▶ _Information supplied_
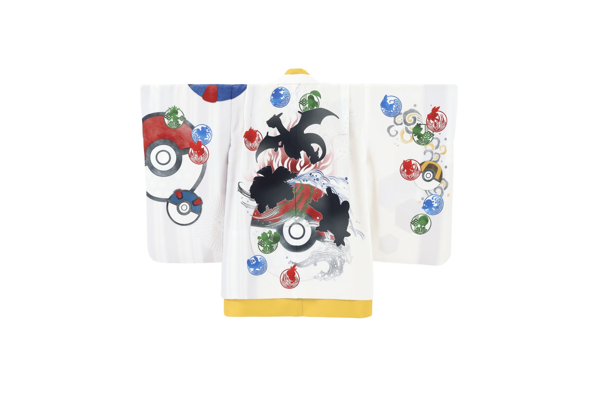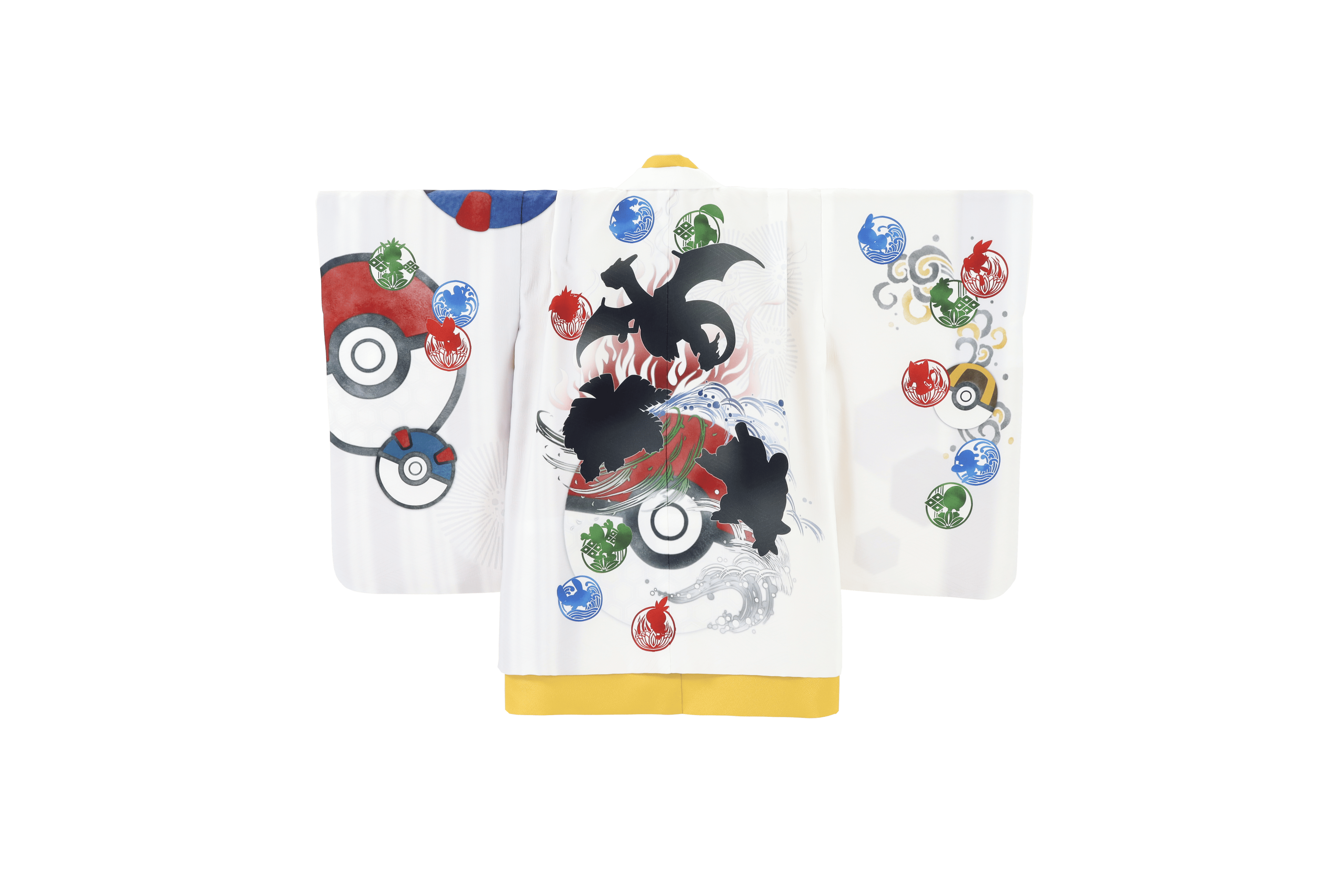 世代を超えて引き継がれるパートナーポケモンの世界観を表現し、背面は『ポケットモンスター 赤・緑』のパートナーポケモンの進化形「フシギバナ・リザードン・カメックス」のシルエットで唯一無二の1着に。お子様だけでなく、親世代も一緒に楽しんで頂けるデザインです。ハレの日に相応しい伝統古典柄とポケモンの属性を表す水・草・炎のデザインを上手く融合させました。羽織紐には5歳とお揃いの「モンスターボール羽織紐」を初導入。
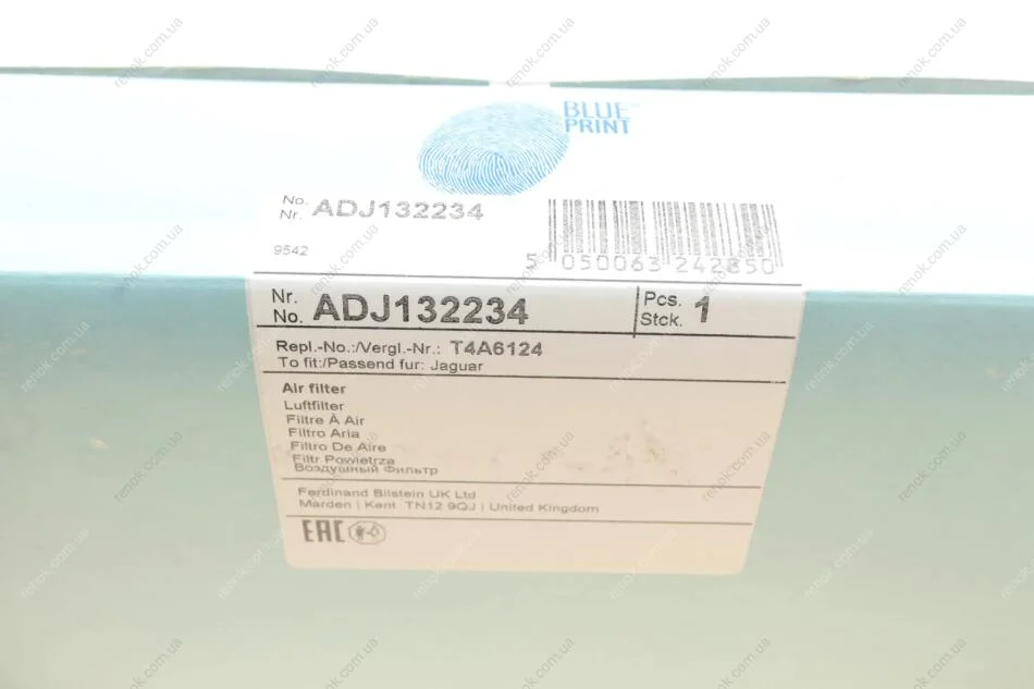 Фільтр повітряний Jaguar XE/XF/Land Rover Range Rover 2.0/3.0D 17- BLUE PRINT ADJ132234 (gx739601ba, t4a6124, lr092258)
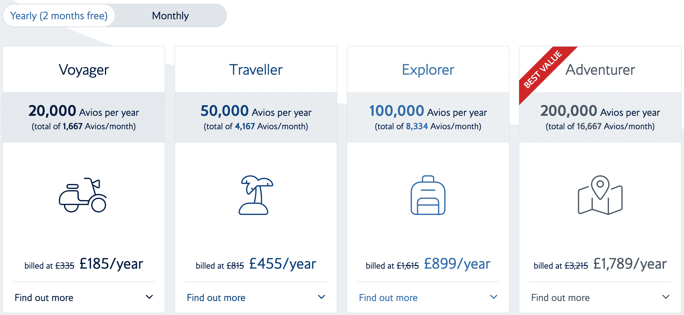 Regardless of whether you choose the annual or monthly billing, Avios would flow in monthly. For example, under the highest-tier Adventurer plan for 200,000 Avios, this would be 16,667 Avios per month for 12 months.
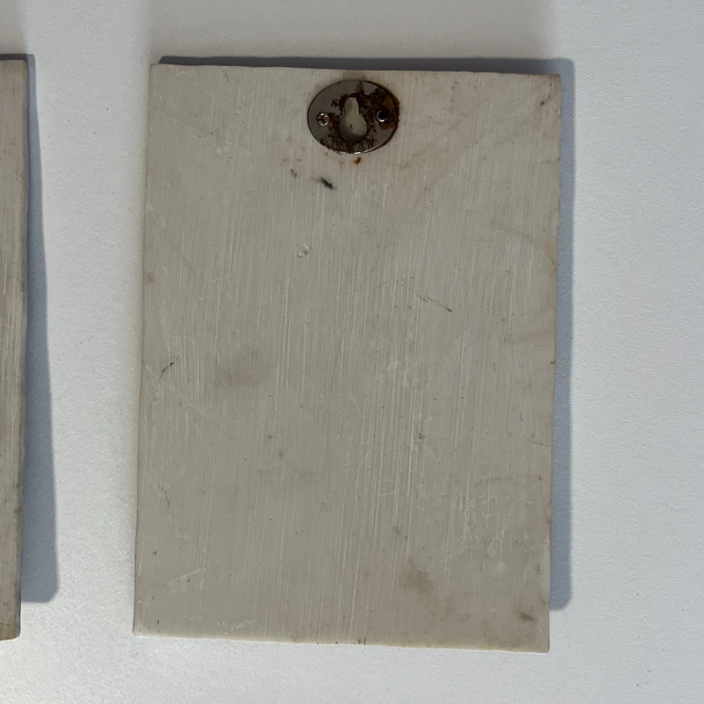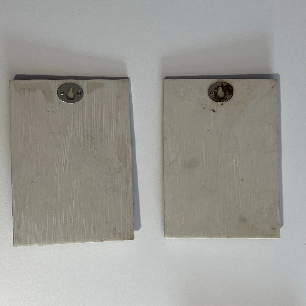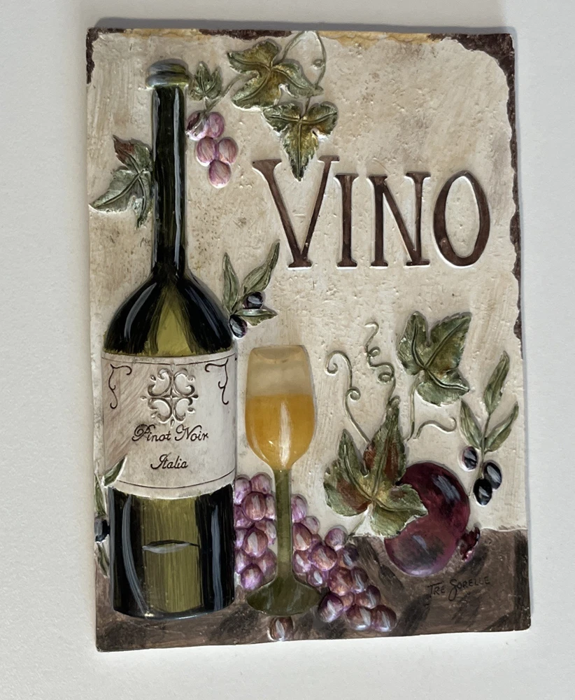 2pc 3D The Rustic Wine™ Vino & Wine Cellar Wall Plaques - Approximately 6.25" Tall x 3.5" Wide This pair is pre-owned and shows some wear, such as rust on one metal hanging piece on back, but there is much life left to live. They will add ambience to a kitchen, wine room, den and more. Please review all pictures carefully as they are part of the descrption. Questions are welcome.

▶ _What to work on_
Would you copy the lines from the one holding "Фільтр повітряний Jaguar" down to the last line of the material, both included, exactly and with nothing added, skipping the pictures?

▶ _Exercise response_
 Фільтр повітряний Jaguar XE/XF/Land Rover Range Rover 2.0/3.0D 17- BLUE PRINT ADJ132234 (gx739601ba, t4a6124, lr092258)
 Regardless of whether you choose the annual or monthly billing, Avios would flow in monthly. For example, under the highest-tier Adventurer plan for 200,000 Avios, this would be 16,667 Avios per month for 12 months.
 2pc 3D The Rustic Wine™ Vino & Wine Cellar Wall Plaques - Approximately 6.25" Tall x 3.5" Wide This pair is pre-owned and shows some wear, such as rust on one metal hanging piece on back, but there is much life left to live. They will add ambience to a kitchen, wine room, den and more. Please review all pictures carefully as they are part of the descrption. Questions are welcome.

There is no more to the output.